Oregon Ballet Theatre’s contemporary world premiere Marilyn, created and choreographed by Artistic Director Dani Rowe, promises an untold look at the life of Hollywood icon Marilyn Monroe through the lens of the actress.
A co-production with BalletMet and Tulsa Ballet, it opened April 4 at downtown Portland’s Newmark Theater, continues through April 13, and features an original music score by OBT composer and former San Francisco Ballet dancer Shannon Rugani.
After a video introduction of OBT’s programming and community impact, the curtains rose at the Saturday, April 5, performance to a young dancer sitting on the floor, arms wrapped around her knees. Isla Ferreira played the child version of Marilyn Monroe, Norma Jeane (as her middle name was spelled when she was born), in a pale drop-waist dress and blue headband. She danced and interacted with her mother, performed beautifully by Eva Burton, depicting a troubled relationship due to mental health issues and an absent father.

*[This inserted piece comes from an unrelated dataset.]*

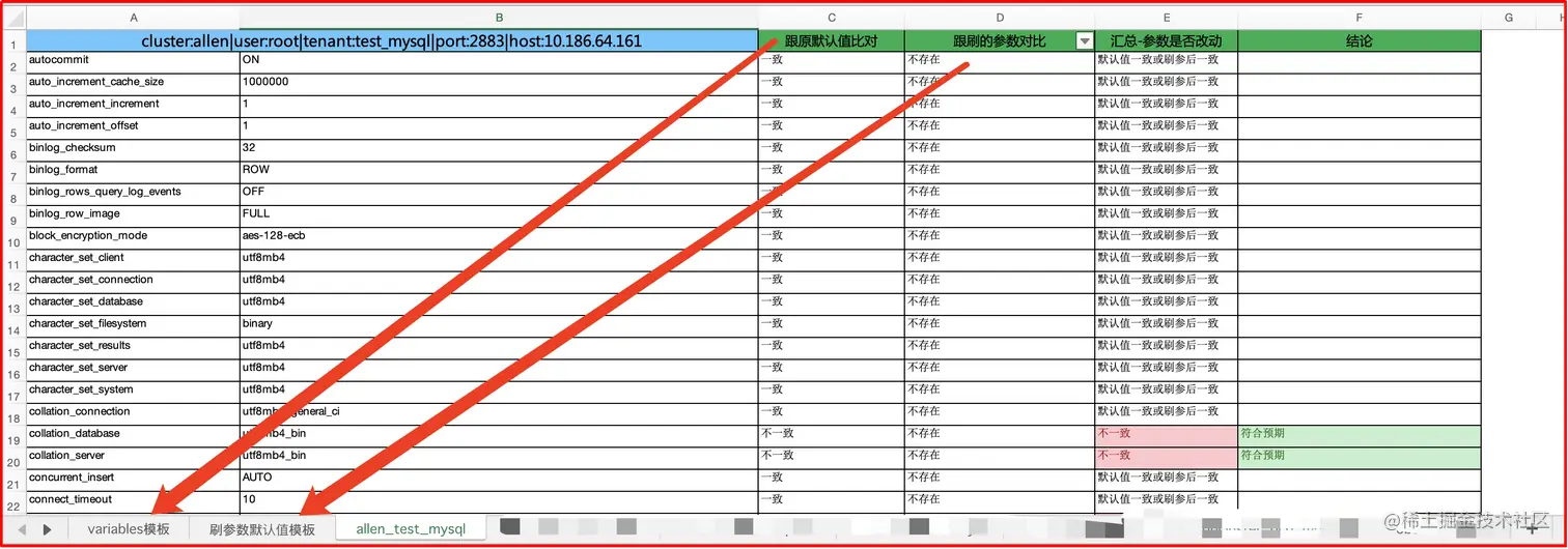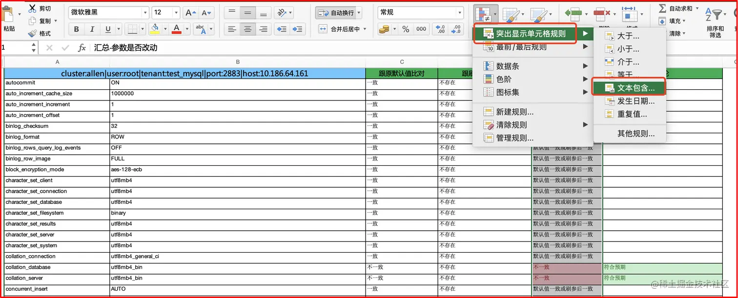 在生产环境运行 Shell 脚本获取参数,将参数放至 Excel,基于 vlookup 进行跨 sheet 对比,将不符合预期的参数值以红色底纹展示。

As the child version of Norma Jeane explored the world and the set designed by Emma Kingsbury and David Finn, she grew older and was eventually replaced by Hannah Davis as the adult Norma Jeane.

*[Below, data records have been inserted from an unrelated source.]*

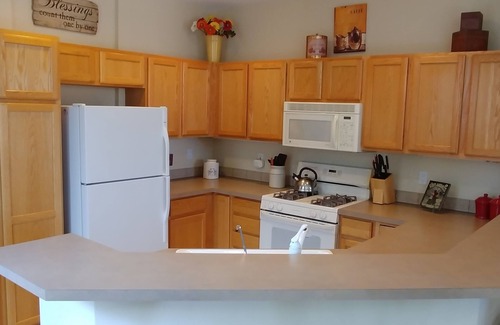 The kitchen is FULLY EQUIPPED with Cuisinart cookware and bakeware, blender, coffee pot, toaster, Pyrex dishes, roasting pan, Dutch oven, loaf pans, mixing bowls and other kitchen tools. Enjoy the wine and champagne glasses. There are matching plates and tumblers for dining on the patio if you want to cook on the gas grill. Propane is provided.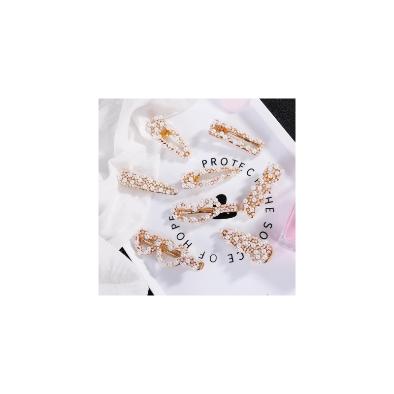 Women Fashion Hollow Heart Imitation Pearl Hair Clips Hairpins for Women Geometric Water Drop Hairgrip Hair Accessories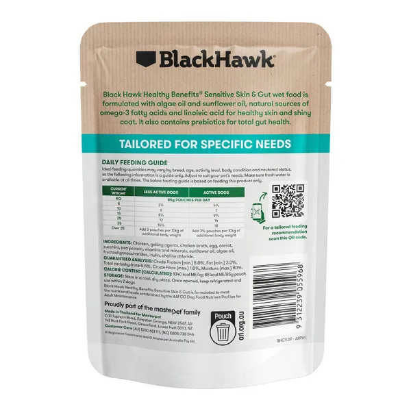 When feeding alongside Black Hawk Healthy Benefits Sensitive Skin & Gut dry food, reduce dry food by 24g for each 85g pouch fed per day.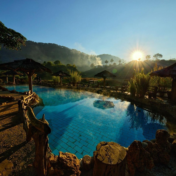 Nước ở đây nóng và bốc hơi suốt cả ngày lẫn đêm. Nên để thuận tiện hơn cho "team lười" di chuyển nhiều, sao không thử ở trong các bungalow tại đây để buổi sáng chỉ cần mở mắt ra là đã có thể tắm khoáng để giúp cơ thể khỏe khoắn hơn hay thư giãn giữa làn nước ấm vào buổi chiều và ngắm những ruộng lúa mênh mang tuyệt đẹp?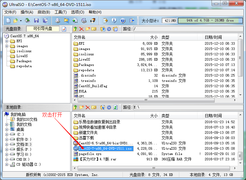在下面选中我们需要安装的CentOS的镜像,双击打开。

In a collage version of the telling, she then danced with James Dougherty, performed nicely by Benjamin Simoens, before Dougherty’s character was called away to war, leaving Norma Jeane devastated. Throughout the dance, she then flitted from man to man, moving down the timeline of known and alleged lovers. We met Joe DiMaggio, the retired baseball star, who appeared with ball in hand. Then came playwright Arthur Miller carrying a script, who Monroe was depicted as meeting in an acting class setting, before a pas de deux with John F. Kennedy, to whom she sang the infamous “Happy Birthday Mr. President” on May 19, 1962.
The work also incorporated depictions of paparazzi hounding Monroe, her desire to have a child, and abuse by her psychoanalyst. Later, as women with baby prams trotted about and mysterious men swarmed her, Monroe fell from a swing and appeared to mime a miscarriage. At the end of the work, a man dressed in a dark film-noirish trench coat represented the missing father figure in her life, dancing with her child self later while large fabric photograph portraits of Monroe by American photographer and eventual business partner Milton H. Greene were lowered from the ceiling.

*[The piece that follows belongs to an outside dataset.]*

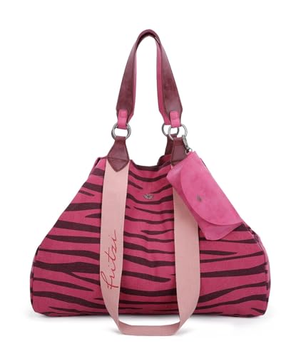 Fritzi Izzy Canvas Zebra Pink Shopper Sac cabas mélange coton Femme Sac à main Festival Ville Plage vegan étui lunettes amovible imprimé zèbre 36 x 50 x 16 cm, Rose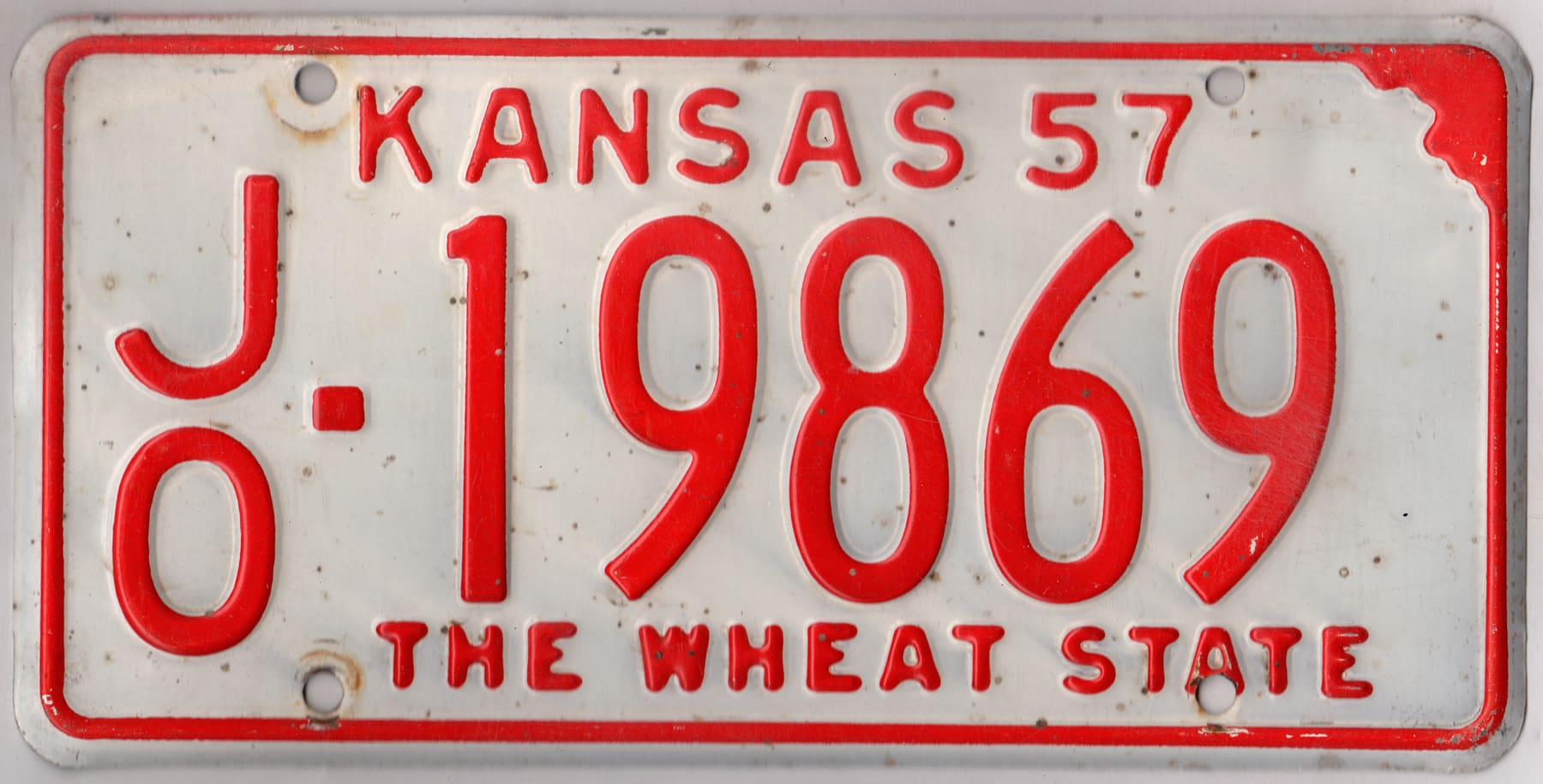 Kansas 1957 car license plate Johnson county #JO-19869

The core cast of Marilyn was small, featuring Jessica Lind as Marilyn Monroe, performing gracefully while taking on a doe-eyed and bewildered portrayal. Benjamin Simoens, Brian Simcoe, John-Paul Simoens, and Bailey Shaw represented the men in her life, with roughly 18 other dancers filling in roles of extras, paparazzi, backup dancers, actors, and directors. The dancers performed the dramatic contemporary style well and with clarity, appearing to have fun while depicting Marilyn’s well-known imagery.
A particularly satisfying moment included Monroe resting in a bubble bath, perhaps drawing from her 1955 movie The Seven Year Itch, while dancers in bubble-adorned gold costumes, designed by Emma Kingsbury, moved in unison.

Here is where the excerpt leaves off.